Sister Mine
- Author: Tawni O'Dell
- Language: English
- Genre: Novel
- Publisher: Random House
- Publication date: 13 March 2007
- Publication place: United States
- Pages: 416 pp (first edition, hardback)
- ISBN: 0-307-35167-X
- OCLC: 176953586
- Preceded by: Coal Run (June 2004); Back Roads (January 2000)

= Sister Mine =

2007 novel by Tawni O'Dell

Sister Mine is a 2007 novel by the American writer Tawni O'Dell.

==Plot introduction==
In the coal-mining country of Western Pennsylvania outside of Pittsburgh, the fictional locale of Jolly Mount is home to Shae-Lynn Penrose. Two years ago, five of her miner friends were catapulted to media stardom when they were rescued after surviving four days trapped in a mine. As the men struggle to come to terms with their ordeal, along with the fallout of their short-lived celebrity, Shae-Lynn finds herself facing her relationship with her brutal father, her conflicted passion for one of the miners, and the hidden identity of the man who fathered her son.

==Plot summary==
Shae-Lynn Penrose drives a cab in a town where no one needs a cab—but plenty of people need rides. A former police officer with a closet full of miniskirts, a recklessly sharp tongue, and a tendency to deal with men by either beating them up or taking them to bed, she has spent years carving out a life for herself and her son in Jolly Mount, Pennsylvania, the coal-mining town where she grew up.

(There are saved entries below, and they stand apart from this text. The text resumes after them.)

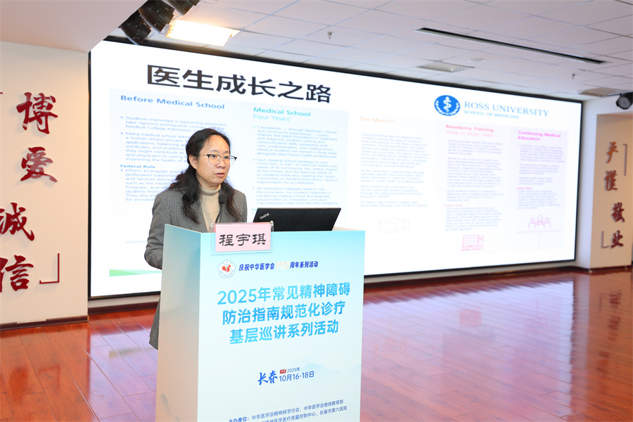 中华医学会精神病学分会继续教育学组组长、杭州市第七人民医院心身科主任程宇琪在讲话时表示,为满足广大基层医务工作者对规范化诊疗知识的迫切渴求,助力基层医疗机构精神相关学科的建设和人员能力提升,学会特别以巡回讲座的形式,将精神医学领域最新研究进展、前沿技术及临床实践经验送至基层一线,希望通过业内知名专家的倾囊相授,补齐精神障碍规范化诊疗方面的技术短板,并通过学会与基层医务工作者不断加强联系,持续深耕精卫基层工作,切实推动规范化服务触达一线、惠及群众。同时,她期望全体学员将培训精华带回各自工作岗位,积极转化学习成果,让专业服务真正延伸至基层最前沿,为区域群众织密心理健康“防护网”,筑牢民生幸福根基。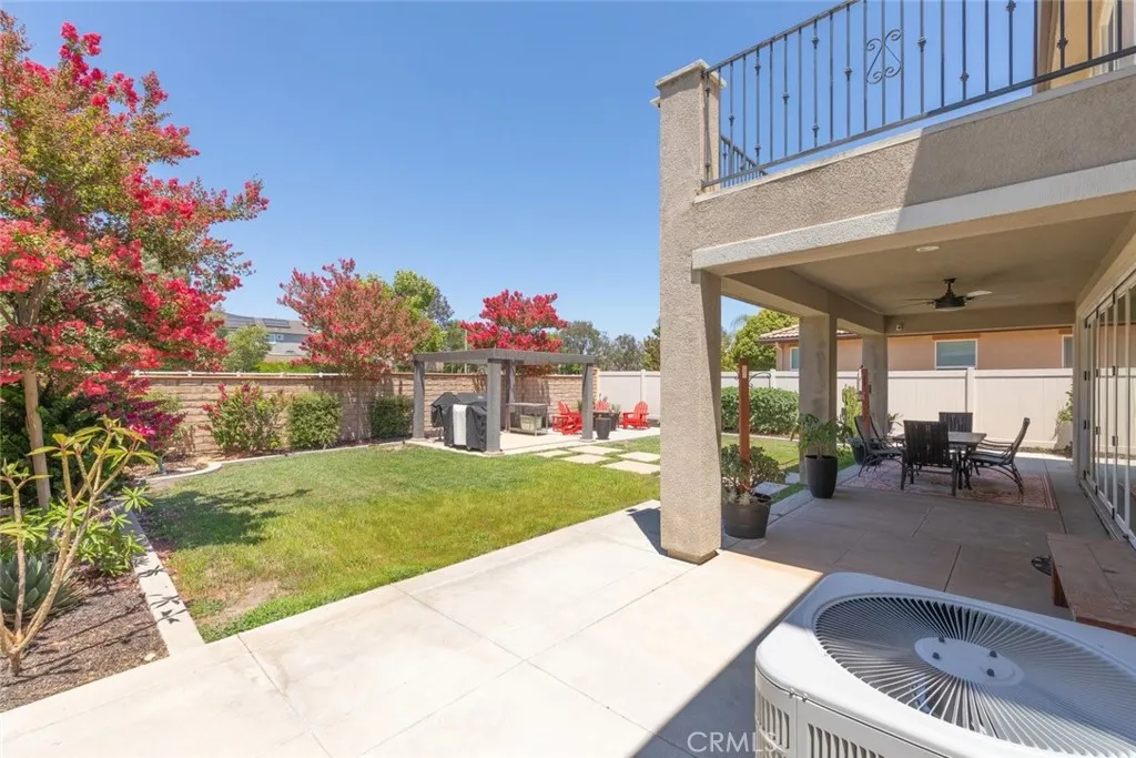 Popular floorplan located in the gated community of Roripaugh Ranch offering over 2,800 sq. ft. with 3 bedrooms + a flex space/office downstairs that can be used as a bedroom, 2.5 baths, and a spacious loft. The open-concept layout downstairs features a large kitchen, dining area, and great roomideal for entertaining. A 16-foot bifold door expands the great room into the covered California Room, blending indoor/outdoor living. The kitchen is upgraded with shaker cabinetry, quartz counters, subway tile backsplash, and stainless steel appliances. At the front of the home, you'll find a private flexspace, bedroom/office with a walk-in closet and a nearby powder room. Upstairs includes a large loft, two secondary bedrooms, full bath, laundry room, and an impressive primary suite with stunning northern mountain views. The primary bedroom opens to a large private deck for enjoying panoramic scenery. Windows have been updated with modern shutters and solar is paid off!! The backyard is thoughtfully landscaped with multiple areas to entertain, including a 12x12 gazebo and covered California Room. No rear neighbors and plenty of space for a future pool. Residents enjoy resort-style amenities: clubhouse, 24/7 fitness center, pool, spa, tennis and basketball courts, private walking trails, and a large central park. Low tax rate and located within the award-winning Temecula school district.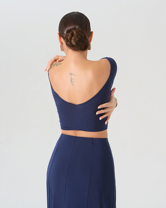 Блузка с заниженной линией плеча (темно-синий)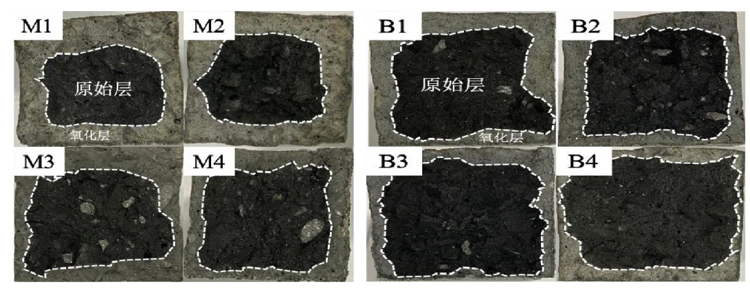 1 1450℃煅燒后及熱震10次后的澆注料試樣的橫截面圖

When the younger sister Shae-Lyn thought was dead arrives on her doorstep followed closely by a gun-wielding Russian gangster, a shady New York lawyer, and a desperate Connecticut housewife, Shae-Lynn is forced to grapple with the horrible truth she discovers about the life her sister's been living, and one ominous question: will her return result in a monstrous act of greed, or one of sacrifice?